§ **Problem requirements**:
From the entries below, write out exactly the lines between the line holding "олимпиады по музыкальной" and the line holding "明天起升温通道将再次开启,2", inclusive, excluding any pictures.

== Data records ==

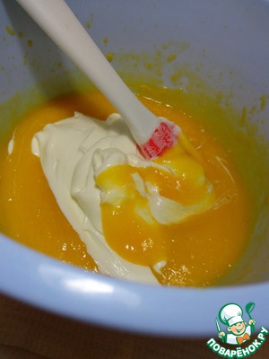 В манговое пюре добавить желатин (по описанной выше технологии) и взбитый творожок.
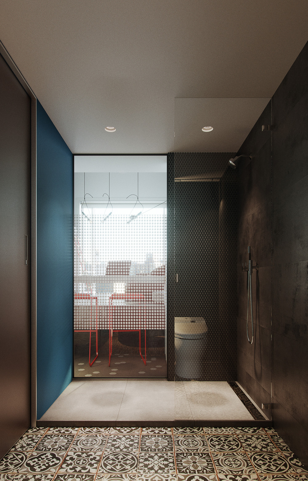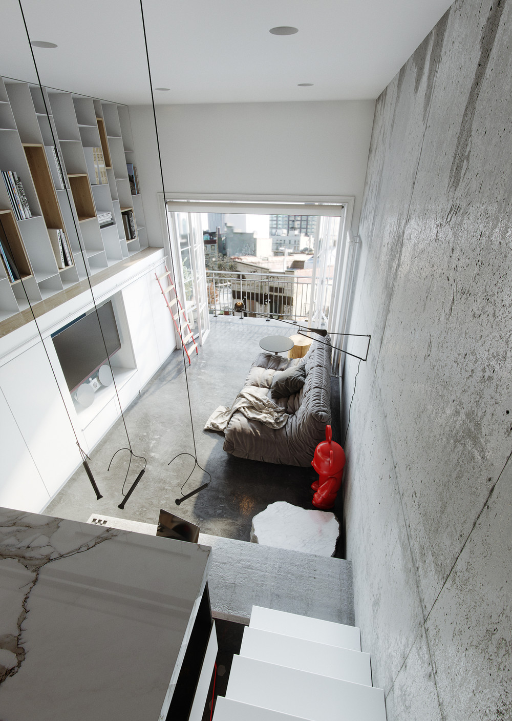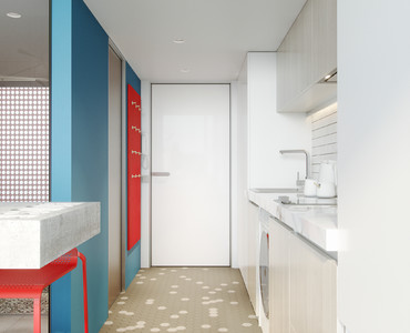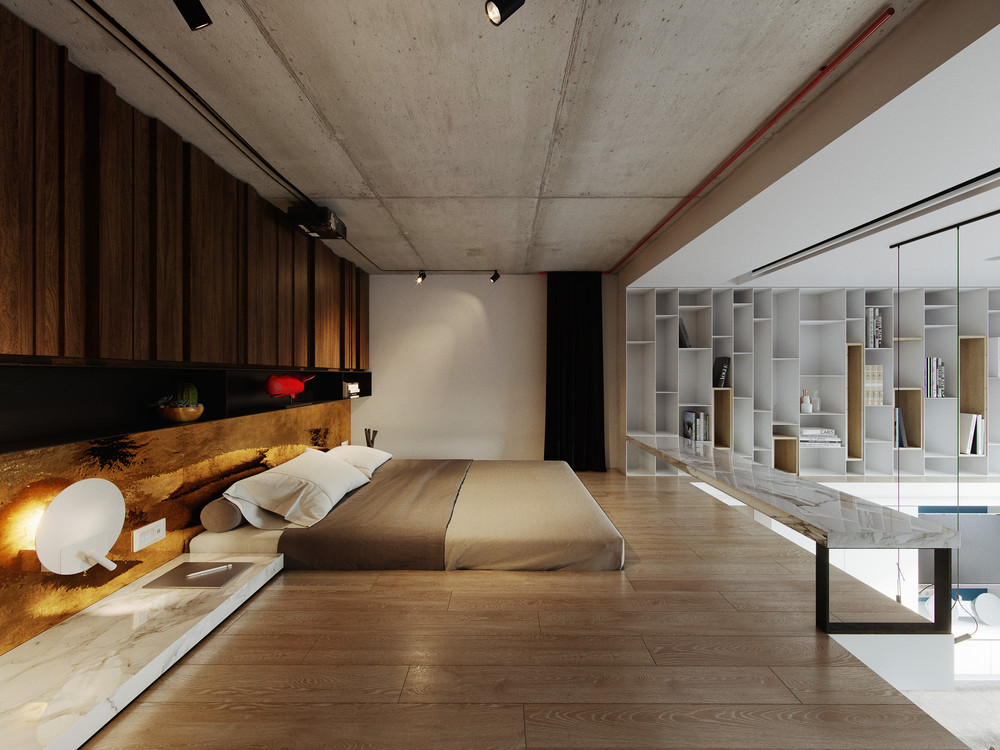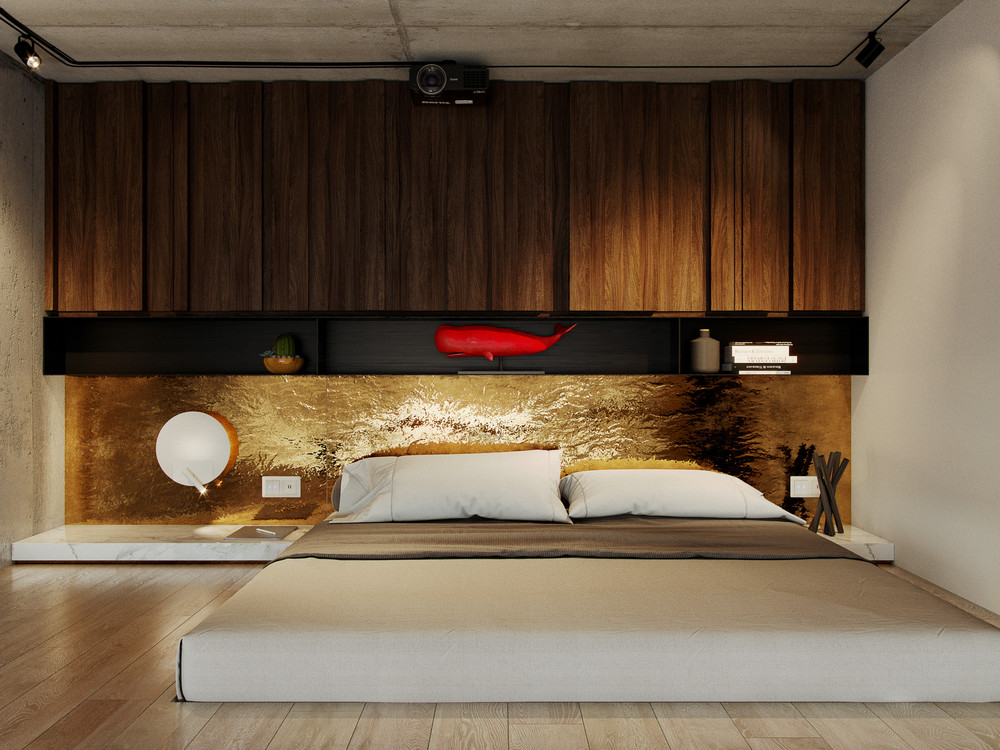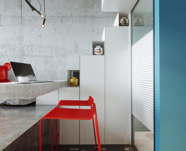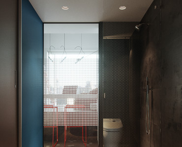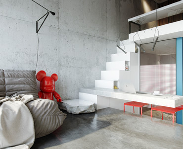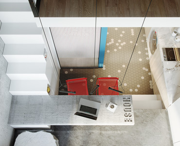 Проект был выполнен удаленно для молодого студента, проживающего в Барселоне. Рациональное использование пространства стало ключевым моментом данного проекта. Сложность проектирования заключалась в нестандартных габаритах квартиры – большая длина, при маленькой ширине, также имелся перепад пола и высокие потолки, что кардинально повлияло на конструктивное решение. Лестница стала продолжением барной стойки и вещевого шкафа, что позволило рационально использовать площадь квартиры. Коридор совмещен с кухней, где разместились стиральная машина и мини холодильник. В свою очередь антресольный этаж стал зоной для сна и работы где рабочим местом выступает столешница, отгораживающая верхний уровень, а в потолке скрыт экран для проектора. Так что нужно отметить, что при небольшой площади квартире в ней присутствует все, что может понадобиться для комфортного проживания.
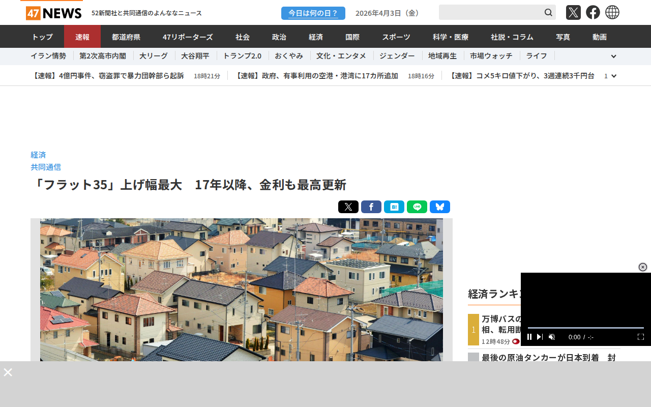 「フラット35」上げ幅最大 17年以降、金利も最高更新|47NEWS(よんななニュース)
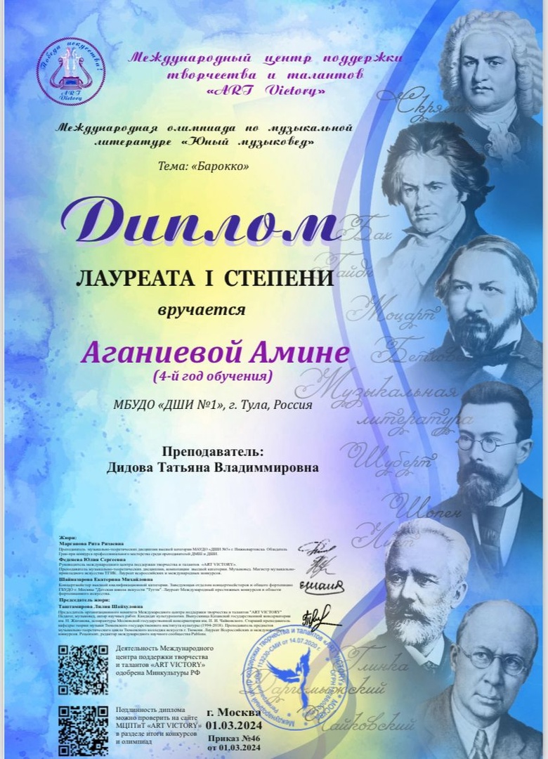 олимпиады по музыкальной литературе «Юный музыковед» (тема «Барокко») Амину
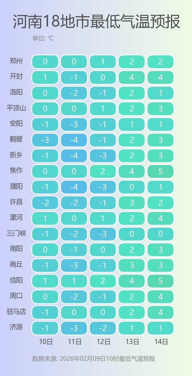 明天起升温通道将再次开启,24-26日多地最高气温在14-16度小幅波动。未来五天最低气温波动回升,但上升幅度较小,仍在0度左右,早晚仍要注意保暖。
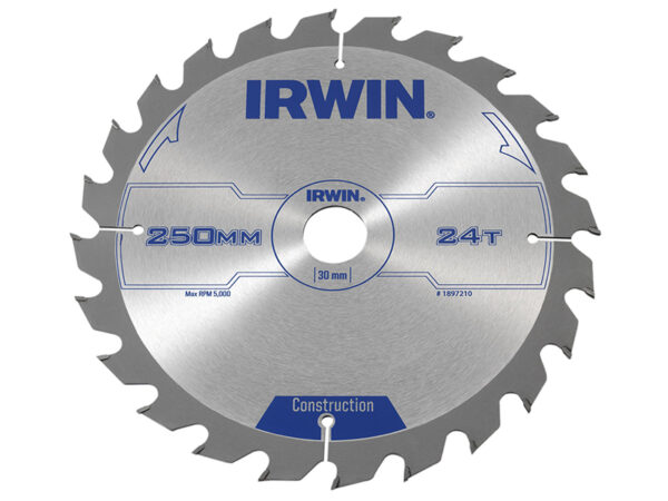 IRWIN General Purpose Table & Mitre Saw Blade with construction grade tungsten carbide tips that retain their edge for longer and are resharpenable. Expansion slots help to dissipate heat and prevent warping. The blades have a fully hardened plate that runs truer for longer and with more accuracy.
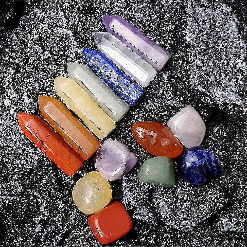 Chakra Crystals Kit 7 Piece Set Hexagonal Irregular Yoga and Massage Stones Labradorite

===

§ **Exercise solution**:
 олимпиады по музыкальной литературе «Юный музыковед» (тема «Барокко») Амину
 明天起升温通道将再次开启,24-26日多地最高气温在14-16度小幅波动。未来五天最低气温波动回升,但上升幅度较小,仍在0度左右,早晚仍要注意保暖。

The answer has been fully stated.